CpG.rpts.by.chr = mclapply(chs, function(ch){ chr = Hsapiens[[paste('chr',ch,sep='')]] rpts = union(masks(chr)$RM, masks(chr)$TRF) probes = which(seqnames(CpGs.27k)==paste('chr',ch,sep='')) # note how we have to use RangedData instead!! CpGs.chr = ranges(CpGs.27k[probes]) #message(paste('Scanning for repeats in CpG sites on chromosome', ch)) overlapping = findOverlaps(CpGs.chr, rpts) overlap = as.matrix(overlapping) results = data.frame(Probe_ID=as.character(names(CpGs.chr)[overlap[,1]])) return(results) }) source("getRepetitiveREgionCpGProbeOverlap.R")

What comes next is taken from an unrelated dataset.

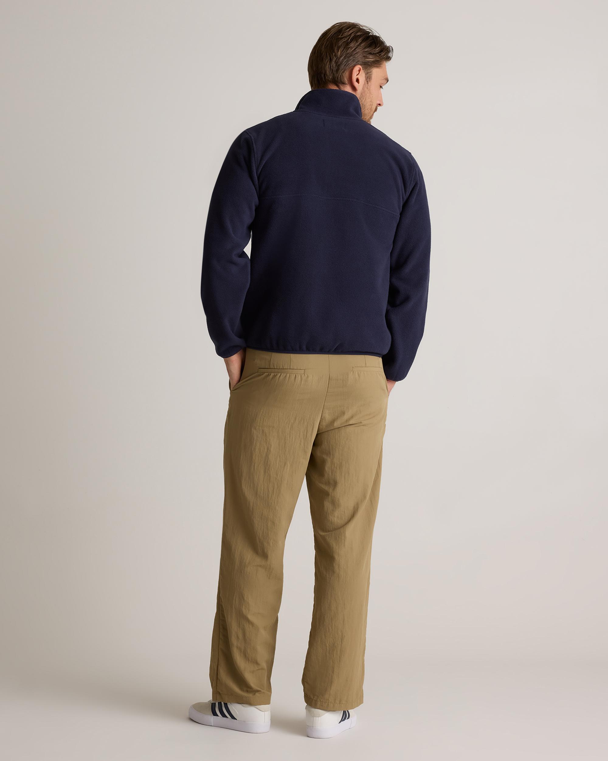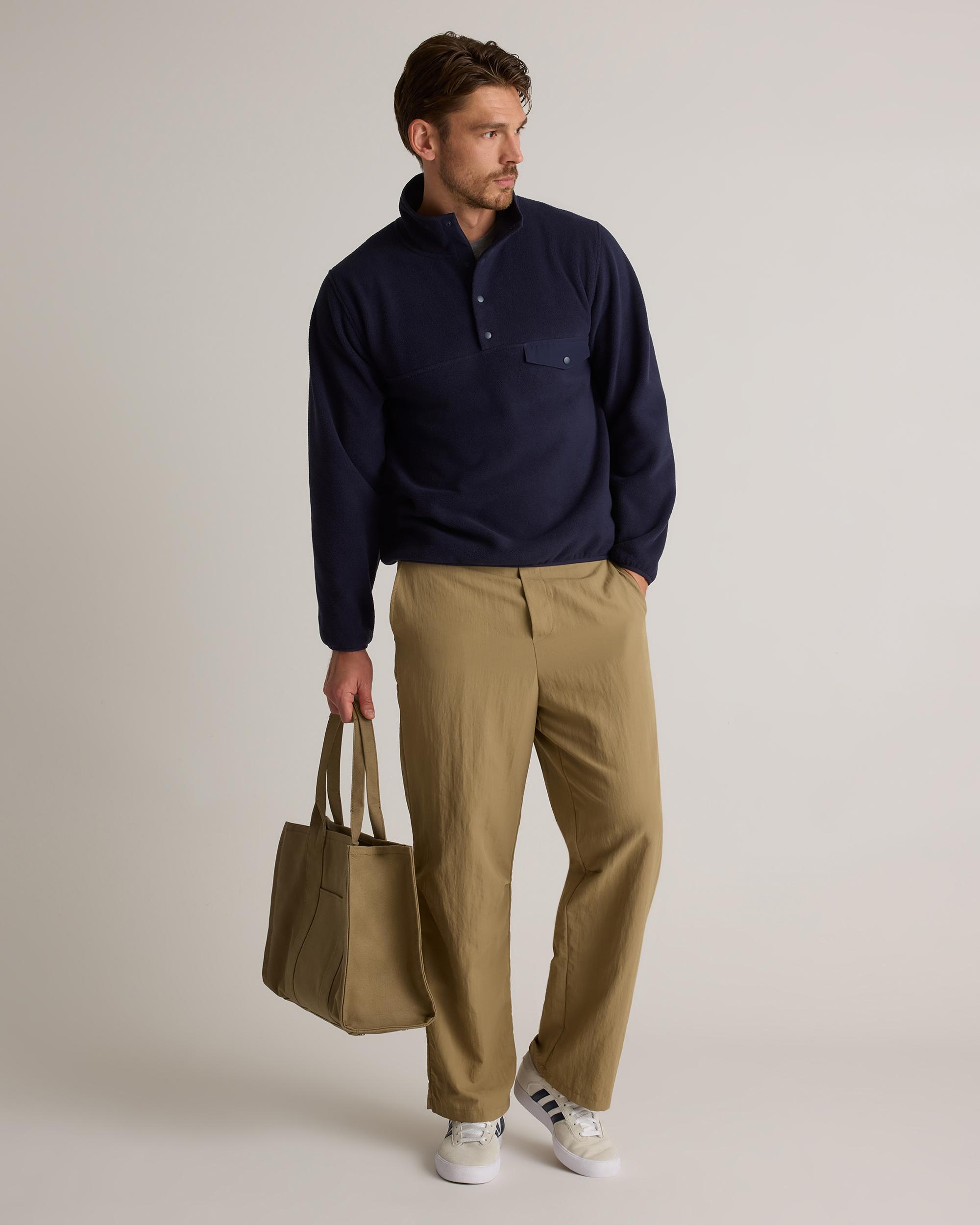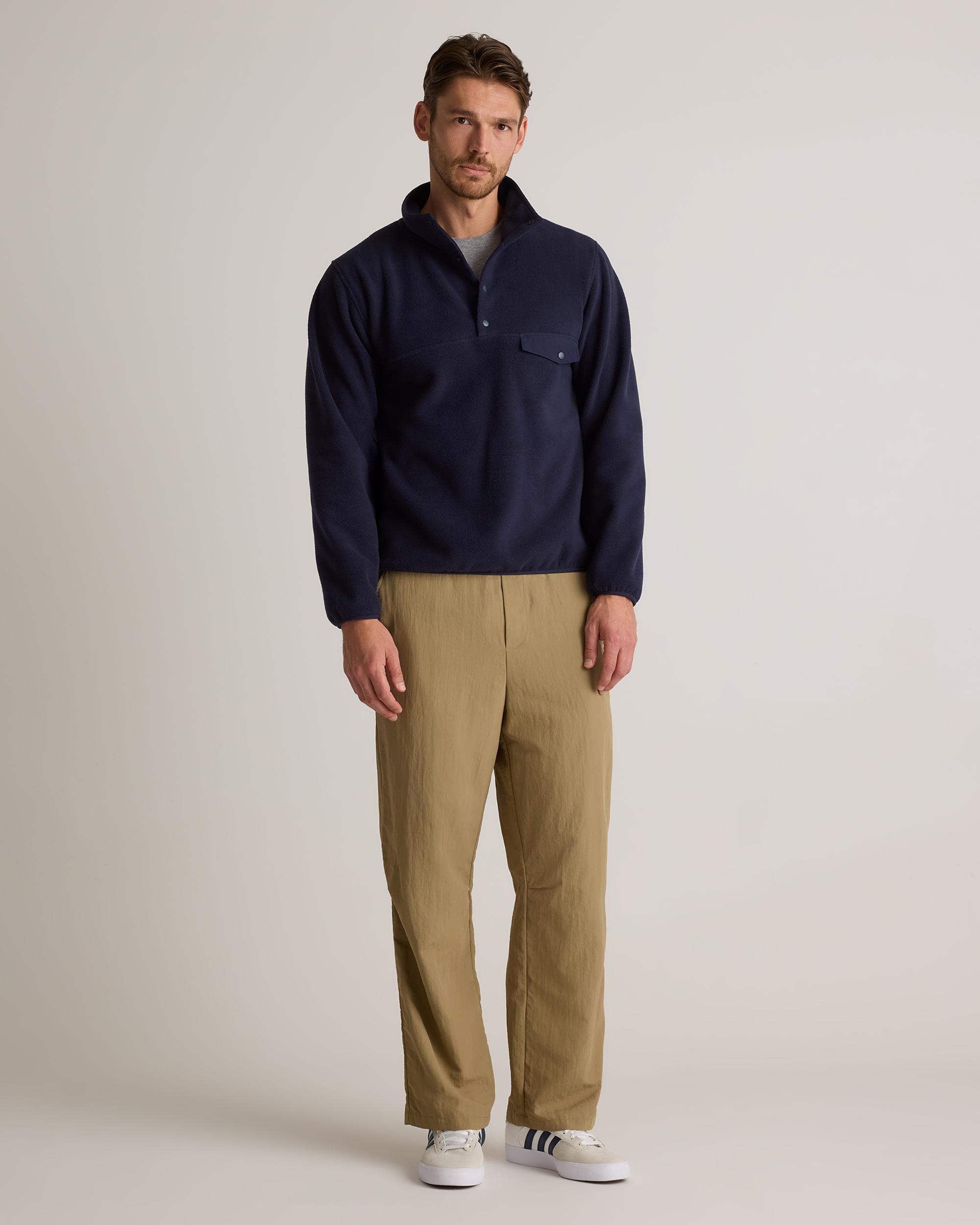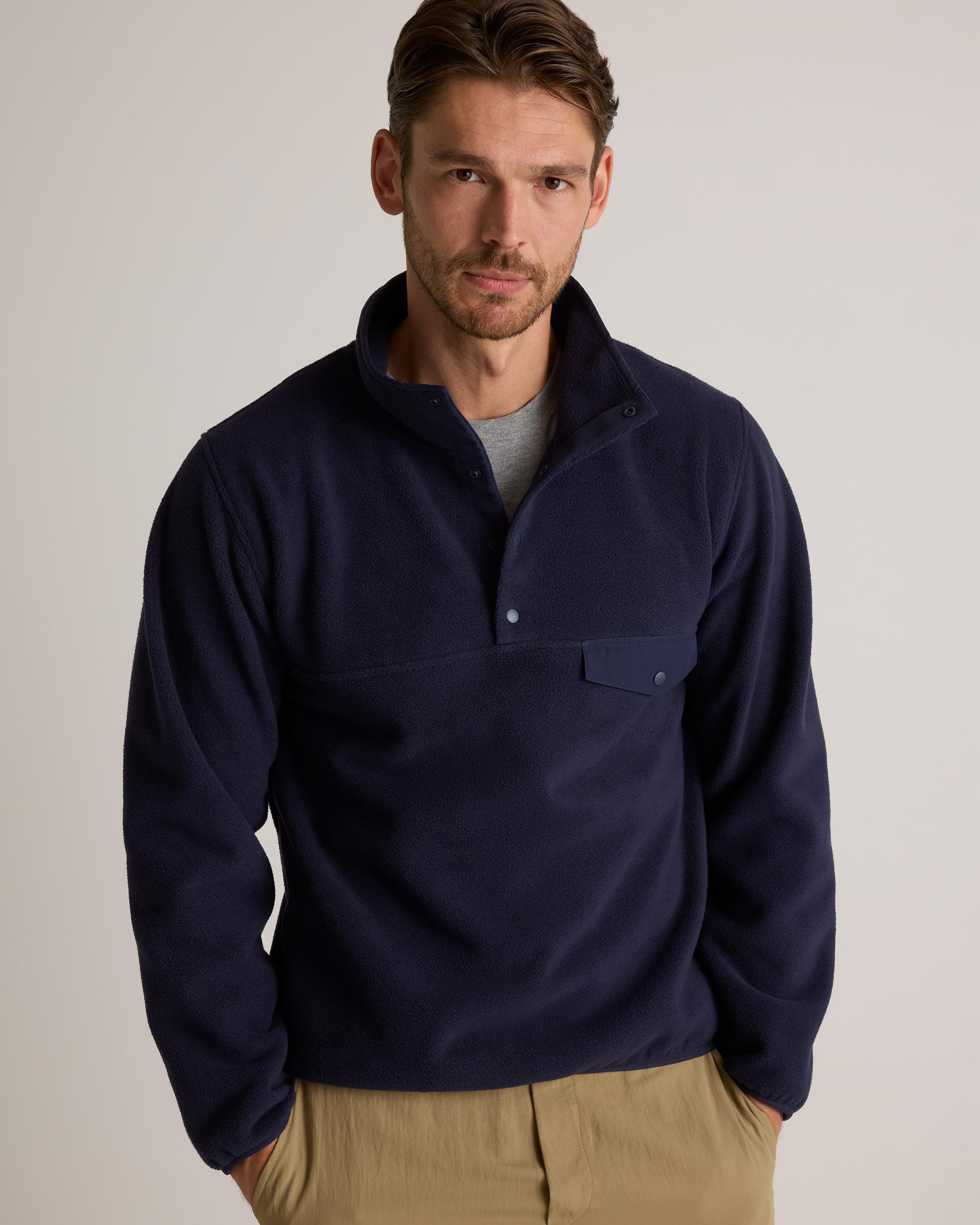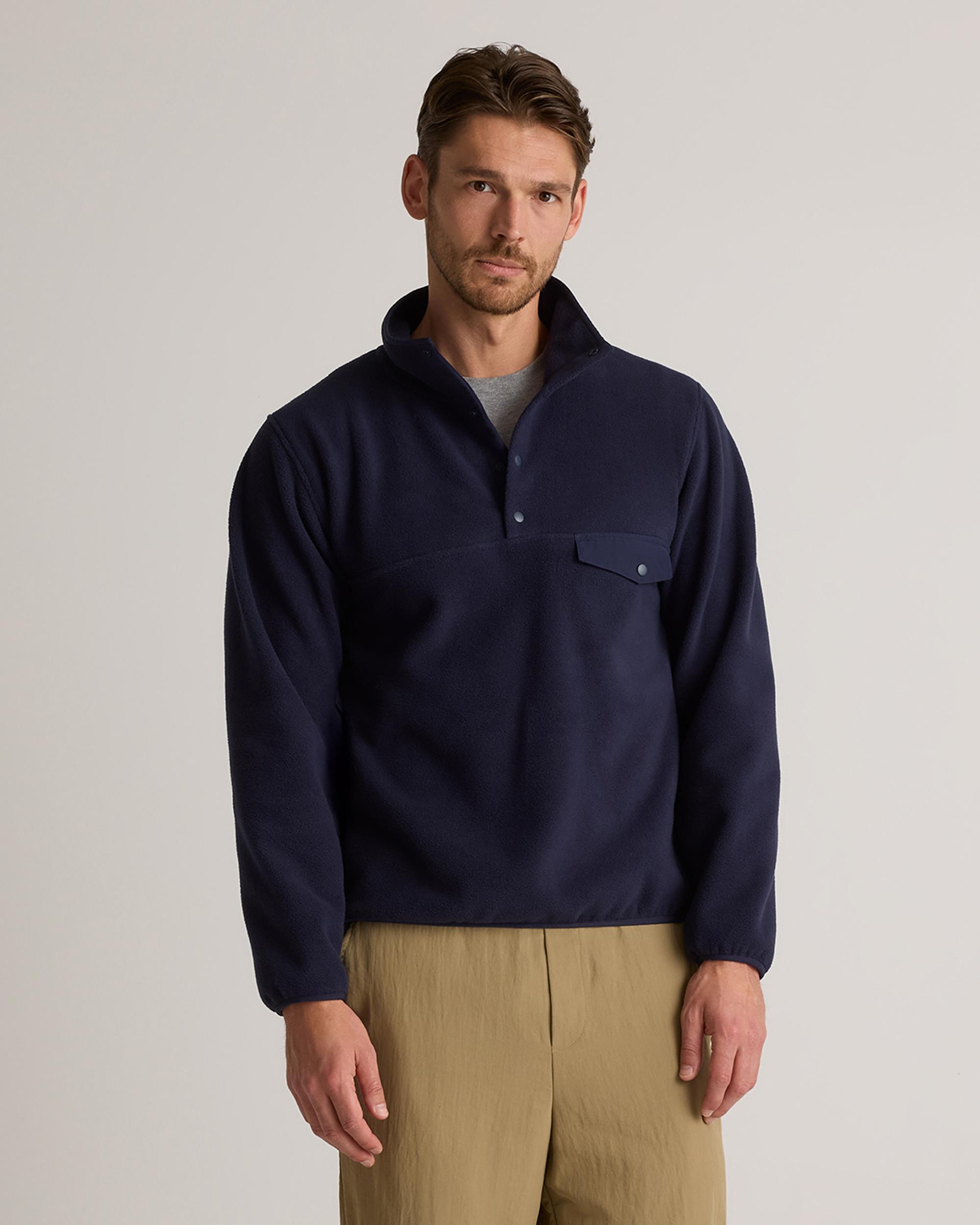 Our Polar Fleece Snap Pullover is sure to be your new go-to for lightweight warmth and effortless style. Crafted from ultra-soft, insulating polar fleece, this pullover brings a cozy layer to cool days. Featuring a high collar with snap-button closure, it offers adjustable comfort and a classic look. The slightly relaxed fit is perfect for layering over your favorite tee or under a jacket. Whether you're hiking the trails or just out and about, this pullover is designed to keep you warm and looking sharp. | Quince | Men's Polar Fleece Snap Pullover in Deep Navy, Size Large, Recycled Polyester

Note: I am looking only within 5 bp of the CpG site, not the entire probe. It might be wrong. The function returns the list of CpGs that were mapped to the repetitive regions on each chromosome. Combine everything into a nice data frame. Total number of CpGs identified: 2716. Seems that there is one duplicate:

RPT<-do.call(rbind,CpG.rpts.by.chr) > head(RPT) Probe_ID chr1.1 cg00128766 chr1.2 cg00208830 chr1.3 cg00410895 chr1.4 cg00613344 chr1.5 cg00689010 chr1.6 cg00712898 > length(which(duplicated(RPT[,1]))) [1] 1  > dim(RPT) [1] 2716 1

Total number of probes that contain either SNPs or repetitive regions or both:

x<-union(RPT$Probe_ID,SNPs$Probe_ID) > length(x) [1] 5107

When I was reanalyzing Hinoue, 2012 dataset I found that they masked total of 5060 probes but this includes all categories of bad probes listed above.